PETALING JAYA: With all the uncertainties looming over markets globally, fund managers believe there is value emerging in certain sectors locally, such as banking, manufacturing and consumer.
According to Aberdeen Standard Investments Malaysia managing director Gerald Ambrose, the trade war between the two giant economies of the United States and China, whether it blows into a full-blown war or not, would lead to “a lot of” multinational corporations reducing their operations in China and moving to South-East Asia, especially for electronics manufacturing.
“Malaysia is small but a very reliable market and that is revealing at the lower end of the smaller-cap stocks.

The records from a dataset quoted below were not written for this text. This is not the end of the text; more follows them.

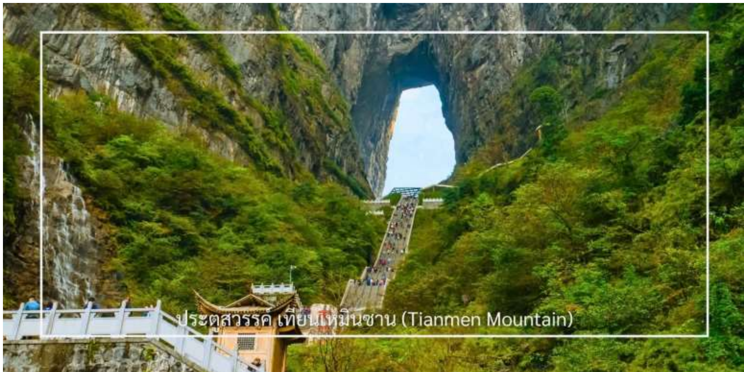
ประตูสวรรค์ เทียนเหมินซาน (Tianmen Mountain)

เสียดฟ้า เมื่อถึงยอดเขาเทียนเหมินซาน นำคณะเดินตามเส้นทางขมวิวเลียบบนภูเขาและหน้าผา ชมทัศนียภาพจากมุมสูงบนยอดเขา ทำหายความกล้าของท่านด้วยการเดินบนพื้นกระจกใสของ ระเบียงแก้ว กระจกใส่ียบหน้าผา จากนั้นนำท่านสู่ ประตูสวรรค์ โดย บันไดเลื่อนที่สร้างขึ้นโดยการเจาะทะลุภูเขาที่เรียงติดต่อกันถึง 5 ตอน เป็นเครื่องอำนวยความสะดวกใหม่ล่าสุดของ เขาเทียนเหมินซาน ท่านจะได้ถ่ายภาพ ประตูสวรรค์ อย่างใกล้ชิด
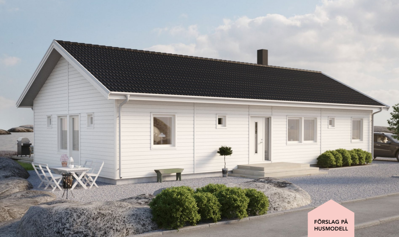
FÖRSLAG PÅ HUSMODELL
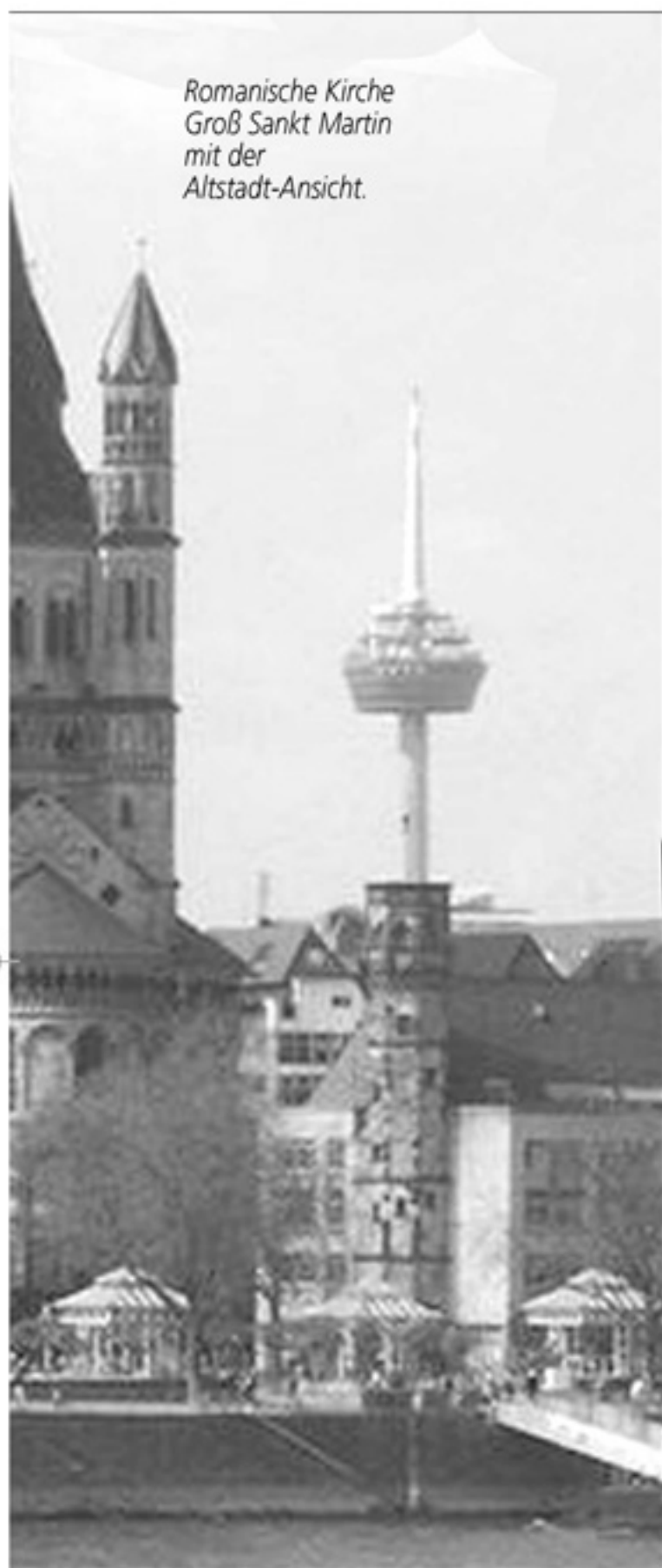
Romanische Kirche Groß Sankt Martin mit der Altstadt-Ansicht.

mich in den unterirdischen Gewölben der Domschatzkammer umzusehen und die ausgestellten sakralen Kost-

“We have a very broad economy from gaming to utilities, banking, consumer, telecommunications, petrochemical and electronics,” he said. Ambrose added that the market is slightly underweight on the banking sector and banking stocks are looking “very cheap” on a price-to-earnings and price-to-book basis.
Market weight is also very small on the electronics manufacturing sector. While it is dependent on external demand, Ambrose feels the sector should be overweight.
As for the property sector, the rest of the market is still suffering from a major overhang, but looking at the discounts to revalued net asset value, Ambrose said values can only go up.
“It is hard to predict what will cause us to catch up. If you look at the small-cap index, it’s up 18% year-to-date (YTD) as to 1.5% drop in the broader index.
“There are a lot of uncertainties and it’s slowly becoming clearer what the government plans to do in taking a step back in the private sector,” he said.
Meanwhile, Inter-Pacific Asset Management chief executive officer Lim Tze Cheng said his firm was now becoming more domestic-centric, looking at more local consumer stocks.
“Our basis is that the goods and services tax (GST) refunds and the resumption of construction projects would boost the local economy, with value having emerged in most consumer stocks over the last three to four years.
“Gross domestic product (GDP) figures have been fantastic over the last few years, but on the ground, businesses are suffering. There’s always this missing link between GDP numbers and the real sentiment on the ground.
“The real reason behind this discrepancy is actually the tax refunds,” Lim said.
He said the RM37bil in GST and income tax arrears that would flow back to the economy and an improvement in consumer spending and consumption can be seen at least in the second half of the year, where it would have a ripple effect on the economy.
The government began the refunding process in January and it is expected to be completed by October.
Lim also said that out of all the uncertainties out there, the only thing certain is that the trade tension between the US and China would not end anytime soon, and it is still too early and too hard to predict what would transpire.
“We’re already moving into quite unknown territory and this would cause some volatility to the market for sure,” he said.
On sectors that investors would likely avoid, Lim said technology was one, but then, there are many categories under technology and one has to look at the companies specifically, as they have different products and customer base.
It is also challenging for the property sector with the overhang. While the main issue is still high bank rejection rates, Lim said loosening the requirements would be pretty tough, as the household debt-to-GDP ratio is still quite high.
Meanwhile, a fund flow report by MIDF Research said an exodus of foreign funds from Bursa Malaysia was observed last week, which extended the foreign net selling streak to the eighth week.
Foreign funds sold RM1.18bil net of local equities last week, a level not seen since October last year.
PUBLIC BANK BHD saw the largest outflow of RM8.04mil, with its share price increasing 0.72% for the week. The research house said this may indicate a sell-on-strength stance.
Axiata Group Bhd came in second with an outflow of RM6.14mil with a 1.14% increase in share price for the week, while MALAYAN BANKING BHD came in third with an outflow of RM5.96mil with a 0.33% increase in share price.
As for top net inflows, Tenaga Nasional Bhd had the highest inflow of RM6.44mil last week, although its share price dropped 1.86%.
“It is notable that net money inflows amidst a retreating share price may indicate a buy-on-weakness stance among some investors,” MIDF Research said.
The FBM KLCI settled at 1,603.74 points on Tuesday, down about 4% YTD.
It remains a laggard in Asean on a YTD basis, alongside Indonesia’s Jakarta Composite Index, which is down 5.9%.